◆ **Try it**
Copy the lines of the data below exactly, starting at the first and stopping after the line that contains "西藏林芝市波密縣境內(nèi)桃花盛開的田園風(fēng)光(無人機照片,3月26日攝)。新華社記者 普布扎西 攝"; include no pictures.

══ Dataset extract

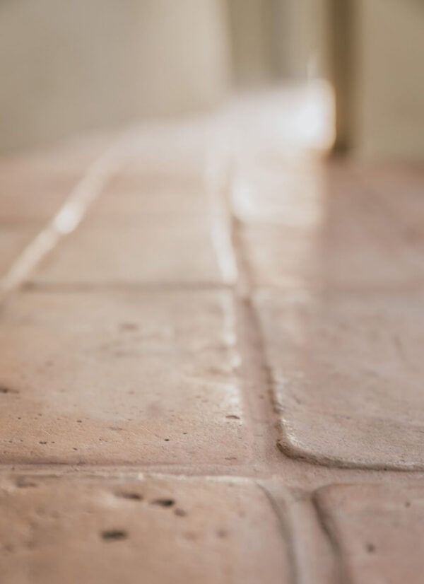 A floor and wainscoting of terracotta bricks for Doble Uve, an artisan bakery in Madrid
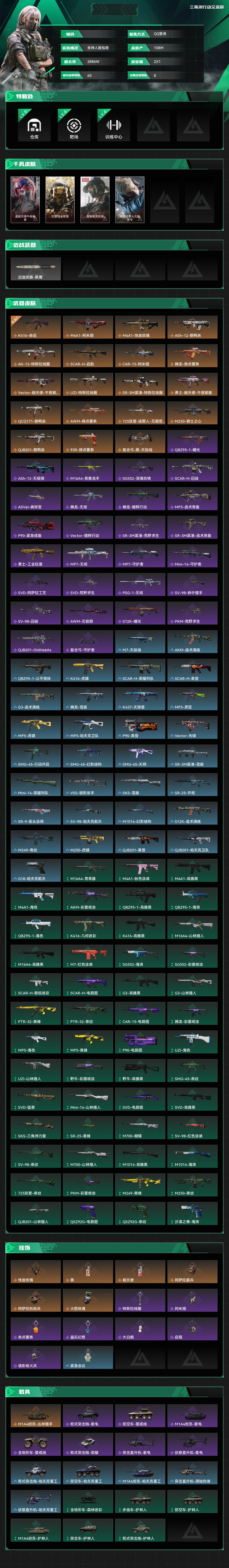 总资产:108M,哈夫币:2886W,武器皮肤129;烽
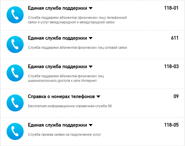 В том случае, если во время эксплуатации номера у вас появились проблемы, используйте единый номер поддержки телефонных линий физических лиц: 118-01. Так же у вас есть возможность использовать короткие номера Ростелеком:
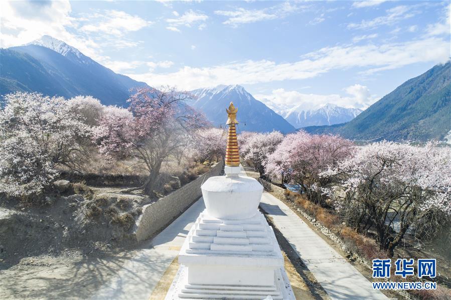 西藏林芝市波密縣境內(nèi)桃花盛開的田園風(fēng)光(無人機照片,3月26日攝)。新華社記者 普布扎西 攝
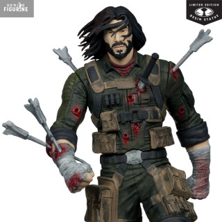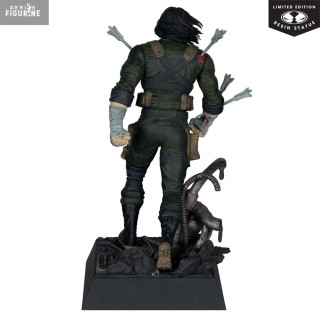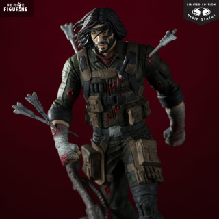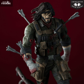 Le design de cette Limited Edition en résine capture un instantané de sa lutte : vêtu d’un treillis kaki usé, gilet tactique bardé de poches et bandages ensanglantés, il pose un pied sur un socle criblé de tentacules métalliques. Quatre flèches plantées dans son torse et son bras témoignent de sa résilience inébranlable. Sa barbe de quelques jours, ses cheveux emmêlés et son regard déterminé reflètent parfaitement son caractère indomptable.
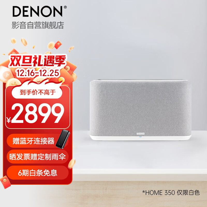 天龙(DENON) HOME350无线蓝牙智能音响HiFi立体声高解析影音系统WiFi多房间音乐组合音箱家用重低音 白色价格:2899.00元!
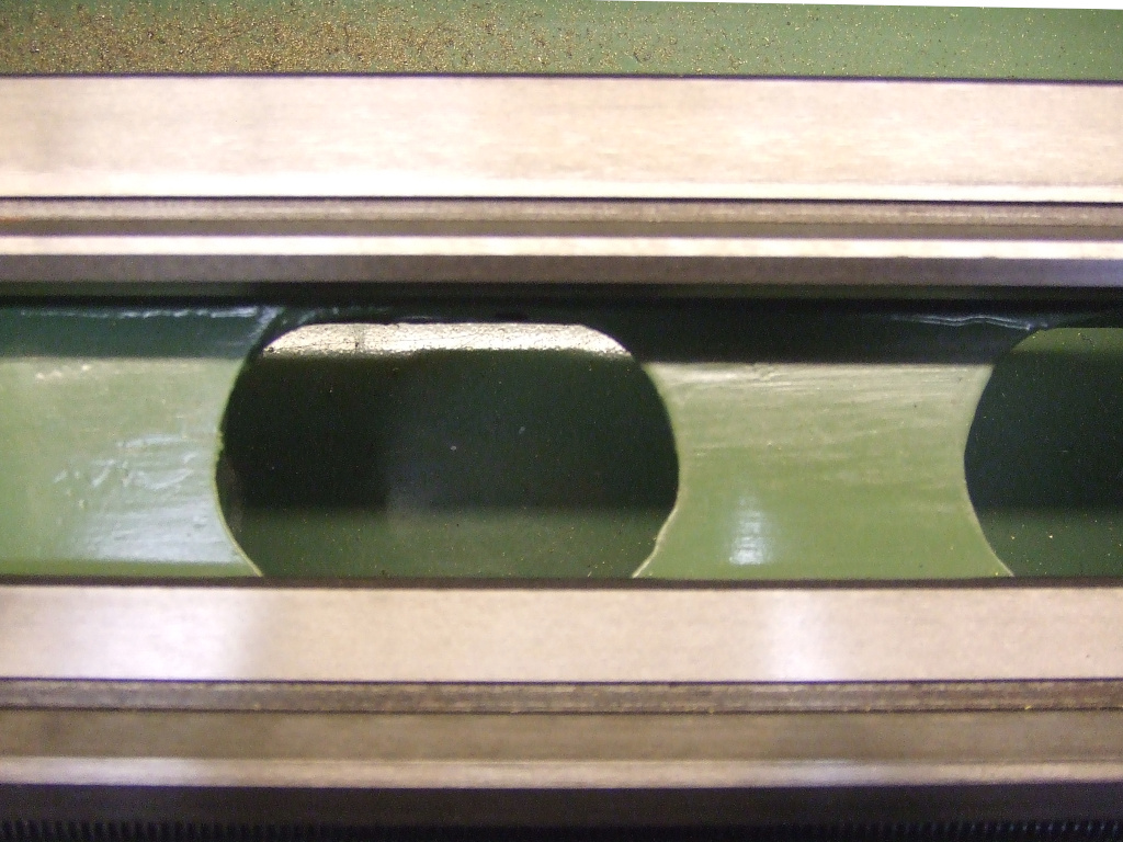 As may be seen from the end on view (3) the tailstock guide is much smaller than the saddle guide. The groove between the prismatic sections and the flat part of the bed is not ground and there is a noticeably rough and sharp edge to both grooves. I carefully removed the sharp corners with a slipstone. The mounting feet are cast integral to the bed and have three mounting holes all on the centre line, two at the headstock end and one at the tailstock. The paint finish on the bed is reasonable but I suspect that there is a good deal of filler in places. I also noticed that the rear of the bed casting carries two machined pads with threaded holes to take a bolt on milling head which is available as an extra (4). I can′t think of an immediate use for these so they will require painting to prevent rusting.

════

◆ **Answer to this task**
 A floor and wainscoting of terracotta bricks for Doble Uve, an artisan bakery in Madrid
 总资产:108M,哈夫币:2886W,武器皮肤129;烽
 В том случае, если во время эксплуатации номера у вас появились проблемы, используйте единый номер поддержки телефонных линий физических лиц: 118-01. Так же у вас есть возможность использовать короткие номера Ростелеком:
 西藏林芝市波密縣境內(nèi)桃花盛開的田園風(fēng)光(無人機照片,3月26日攝)。新華社記者 普布扎西 攝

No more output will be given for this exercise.